| Problem to work on |
Every entry gets copied exactly. No images go into the copy.

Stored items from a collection
((
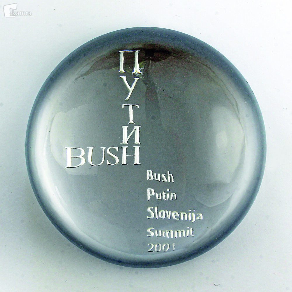 Slovenija (2001). Velik okrogel lečasto oblikovan spominski obtežilnik s široko obrušenim spodnjim robom, ki so ga izdelali v brusilnici stekla v Kozjem, ob srečanju med predsednikom ZDA Georgeom W. Bushem in ruskim predsednikom Vladimirjem Putinom, leta 2001 v Sloveniji. Podatki o srečanju, znanem tudi kot vrh Bush – Putin, so vgravirani na spodnji ravni ploskvi obtežilnika. V = 39 mm, Š = 96 mm.
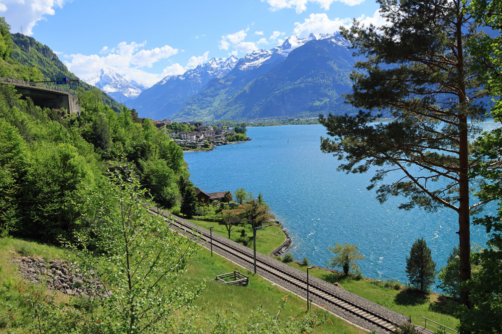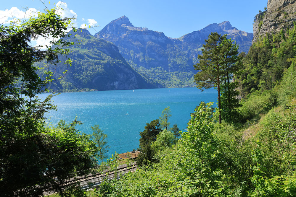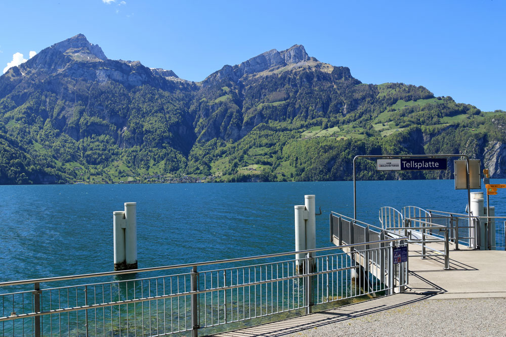 Het wandelpad ligt vanaf nu een heel stuk tussen het meer en het spoor in en ik hoor en zie de trein dan ook regelmatig voorbij komen. Ik ben weer blij dat we niet voor de camping in Sisikon hebben gekozen, want die camping ligt vlakbij het spoor en dan zou je dus meerdere keren per uur de denderende trein langs horen komen. De natuur is echter overweldigend mooi dit gedeelte. Het is een ongelofelijk mooie zonnige dag, waardoor het water zo knalblauw lijkt! Je zou er bijna zin van krijgen om te gaan zwemmen. Tweeënhalf kilometer nadat ik Sisikon verlaten heb kom ik aan bij de Tellsplatte.
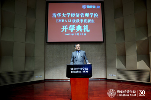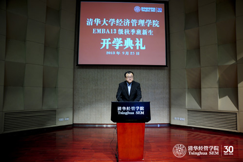 2013年9月25日,威尼斯432888camEMBA2013级秋季班新生开学典礼在清华经管学院伟伦楼报告厅举行。院长钱颖一教授、学院党委书记杨斌教授、清华EMBA教育中心主任王勇博士、副主任贾莉老师、孙美琦老师与200余位新生参加了开学典礼。典礼由杨斌教授主持。
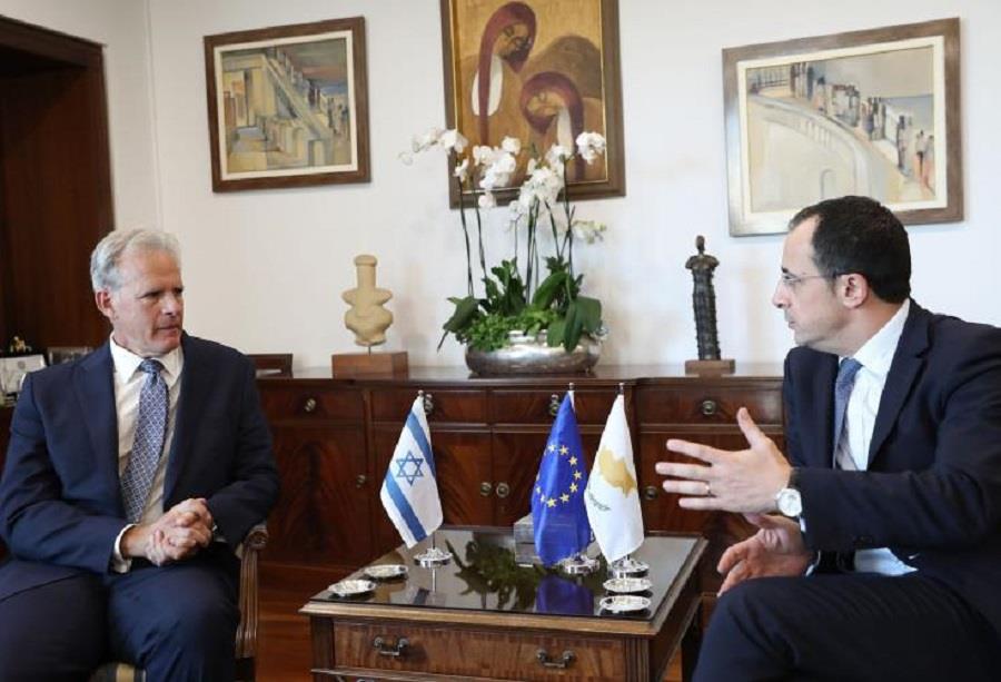 Η τριμερής συνεργασία, διμερή θέματα και οι ενεργειακές εξελίξεις συζητήθηκαν στη συνάντηση που είχε ο Υπουργός Εξωτερικών Νίκος Χριστοδουλίδης με τον Υφυπουργό παρά τω Πρωθυπουργώ του Ισραήλ για θέματα Δημόσιας Διπλωματίας Michael Oren, ο οποίος πραγματοποιεί επίσκεψη εργασίας στην Κύπρο κατόπιν σχετικής πρόσκλησης που του είχε απευθύνει η κυπριακή πλευρά.
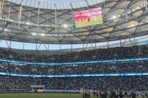 体育资讯4月16日讯 上轮大连英博主场1-1战平津门虎的比赛结束后,梭鱼湾现场上演了世界足坛都难得一见的6万人大合唱。
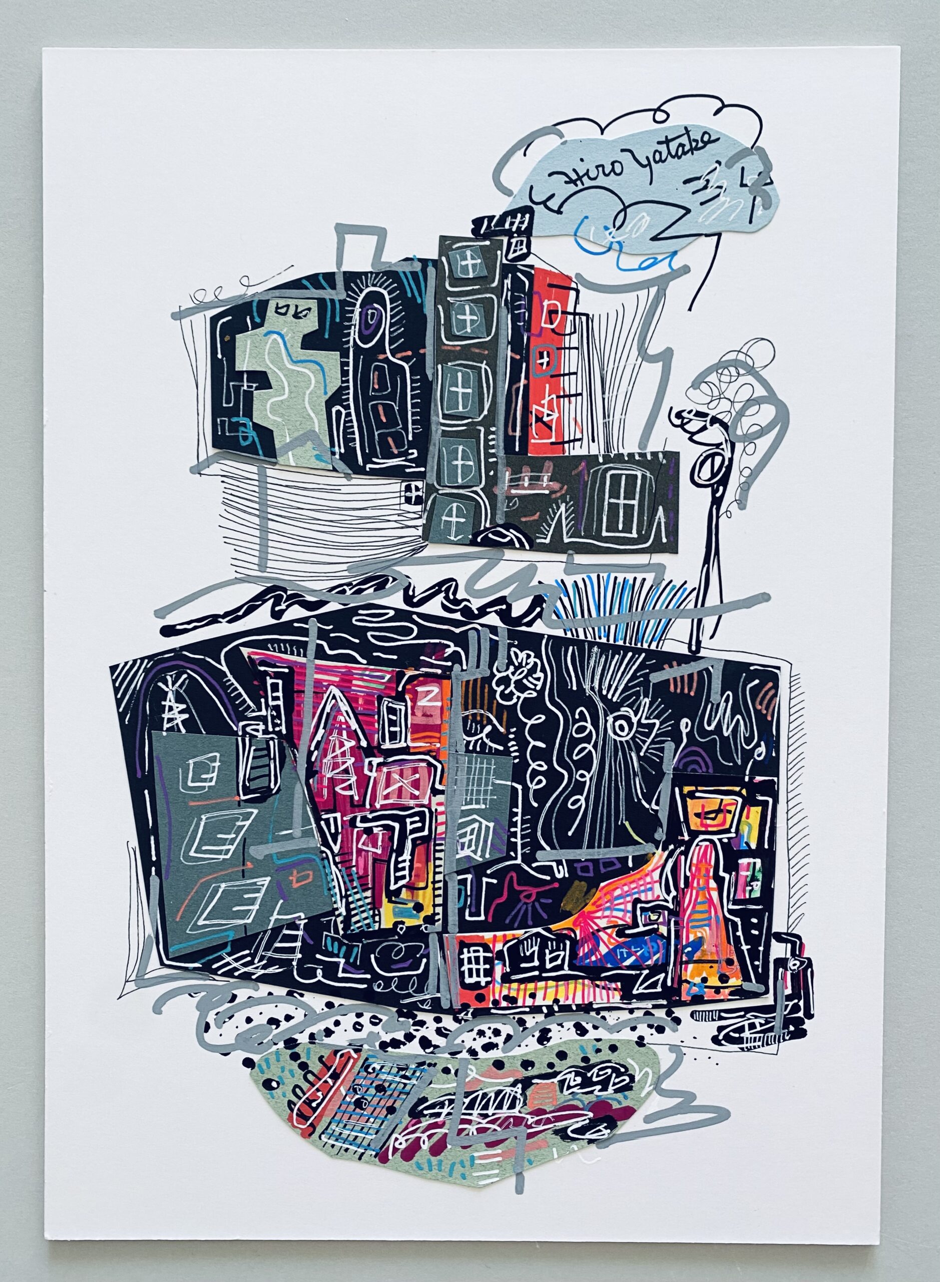 2008年 浮かんだイメージを付箋にボールペンでスケッチ。2012年になりそれをまとめたものを知人に見せたところサイズや画材をかえて絵画として発表することを勧められ、2013年、公募展にA4サイズのカードボードにペン・パステルで描いた作品を出品。その後アクリル絵具での創作をスタート。
))
| Answer to the problem |
 Slovenija (2001). Velik okrogel lečasto oblikovan spominski obtežilnik s široko obrušenim spodnjim robom, ki so ga izdelali v brusilnici stekla v Kozjem, ob srečanju med predsednikom ZDA Georgeom W. Bushem in ruskim predsednikom Vladimirjem Putinom, leta 2001 v Sloveniji. Podatki o srečanju, znanem tudi kot vrh Bush – Putin, so vgravirani na spodnji ravni ploskvi obtežilnika. V = 39 mm, Š = 96 mm.
 Het wandelpad ligt vanaf nu een heel stuk tussen het meer en het spoor in en ik hoor en zie de trein dan ook regelmatig voorbij komen. Ik ben weer blij dat we niet voor de camping in Sisikon hebben gekozen, want die camping ligt vlakbij het spoor en dan zou je dus meerdere keren per uur de denderende trein langs horen komen. De natuur is echter overweldigend mooi dit gedeelte. Het is een ongelofelijk mooie zonnige dag, waardoor het water zo knalblauw lijkt! Je zou er bijna zin van krijgen om te gaan zwemmen. Tweeënhalf kilometer nadat ik Sisikon verlaten heb kom ik aan bij de Tellsplatte.
 2013年9月25日,威尼斯432888camEMBA2013级秋季班新生开学典礼在清华经管学院伟伦楼报告厅举行。院长钱颖一教授、学院党委书记杨斌教授、清华EMBA教育中心主任王勇博士、副主任贾莉老师、孙美琦老师与200余位新生参加了开学典礼。典礼由杨斌教授主持。
 Η τριμερής συνεργασία, διμερή θέματα και οι ενεργειακές εξελίξεις συζητήθηκαν στη συνάντηση που είχε ο Υπουργός Εξωτερικών Νίκος Χριστοδουλίδης με τον Υφυπουργό παρά τω Πρωθυπουργώ του Ισραήλ για θέματα Δημόσιας Διπλωματίας Michael Oren, ο οποίος πραγματοποιεί επίσκεψη εργασίας στην Κύπρο κατόπιν σχετικής πρόσκλησης που του είχε απευθύνει η κυπριακή πλευρά.
 体育资讯4月16日讯 上轮大连英博主场1-1战平津门虎的比赛结束后,梭鱼湾现场上演了世界足坛都难得一见的6万人大合唱。
 2008年 浮かんだイメージを付箋にボールペンでスケッチ。2012年になりそれをまとめたものを知人に見せたところサイズや画材をかえて絵画として発表することを勧められ、2013年、公募展にA4サイズのカードボードにペン・パステルで描いた作品を出品。その後アクリル絵具での創作をスタート。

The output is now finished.